I JUST started trapping again this spring, so I dont have any in the pen but should soon. When do you need them?


----------



## RubeOne (Feb 3, 2013)

I'm also looking for pigeons and any advice on getting into training dog/s with them. Any help would immensely be appreciated and I would be glad to compensate for goods and services if that was called for.


----------



## chewy (Mar 27, 2006)

hit the amish farms


Posted using Outdoor Hub Campfire


----------



## chewy (Mar 27, 2006)

I have 3 launchers and an auto backer for sale


Posted using Outdoor Hub Campfire


----------



## METRO1 (Oct 8, 2009)

I have some for sale..


----------



## METRO1 (Oct 8, 2009)

I have 40 more birds for training


----------



## jkbadge (Jun 25, 2014)

I'm looking for some pigeons as well. Need to finish up some upland training with my yellow lab, you still have them?


----------



## smokinbritts (Apr 17, 2011)

I also have some that i will sell I live in imlay city


----------



## jkbadge (Jun 25, 2014)

I'm all the way over on the west side of the state, looking for some a little closer.
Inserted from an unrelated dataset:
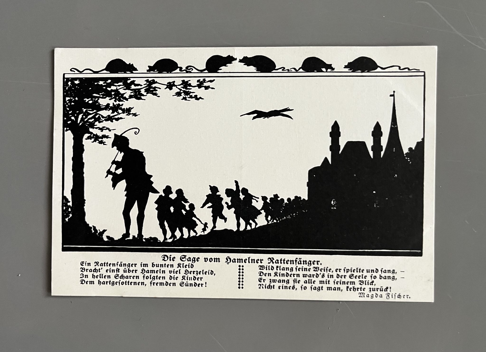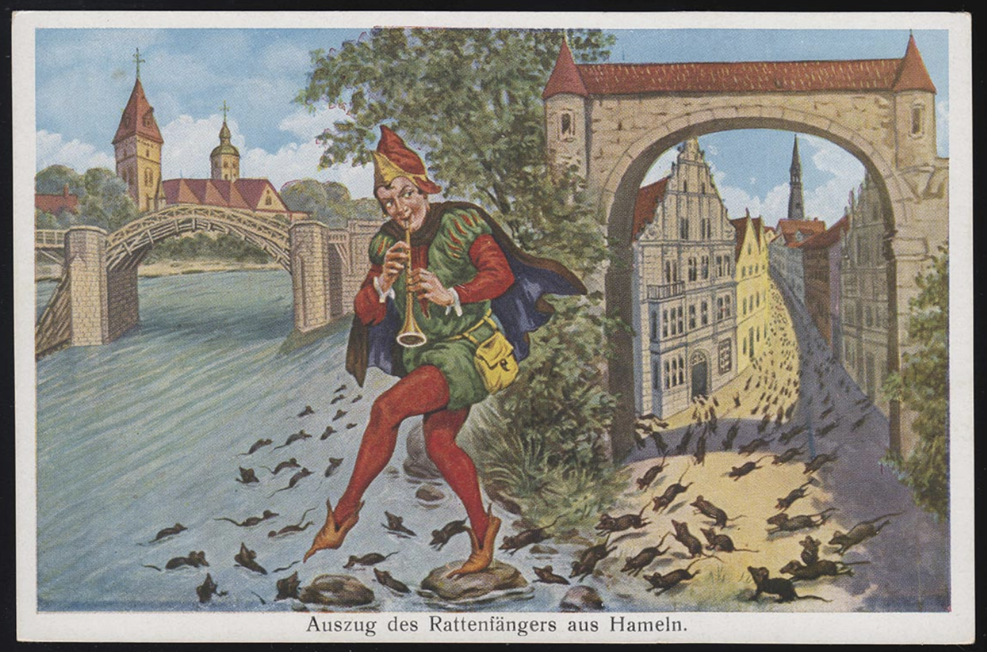 He sounds his fife in the streets, but this time it is not rats and mice that come to him, but rather the children: a great number of boys and girls from their fourth year on. Among them is the mayor’s grown daughter. A swarm of 130 children follows him, and he leads them into the mountain of Koppenberg, where they disappear with him.

Thanks though!
_Posted via Mobile Device_


----------



## ILTHG (Sep 15, 2013)

I need some as well maybe we can do a group buy if anyone finds some or someone has a lot to sell


----------



## abbelanegsp (Apr 25, 2008)

pigeons for sale $5.00 each or 6 for $25.00. Kalamazoo area. 269-760-4091


----------



## Jeffrey Towler (Jun 29, 2007)

smokinbritts said:


> I also have some that i will sell I live in imlay city


sent you a pm.

JT


----------



## shiva (Jul 8, 2014)

abbelanegsp said:


> pigeons for sale $5.00 each or 6 for $25.00. Kalamazoo area. 269-760-4091


Do you still have birds for sale?


----------



## PunyTrout (Mar 23, 2007)

shiva said:


> Do you still have birds for sale?


I think you're about 4 years too late. This thread is from 2014.


----------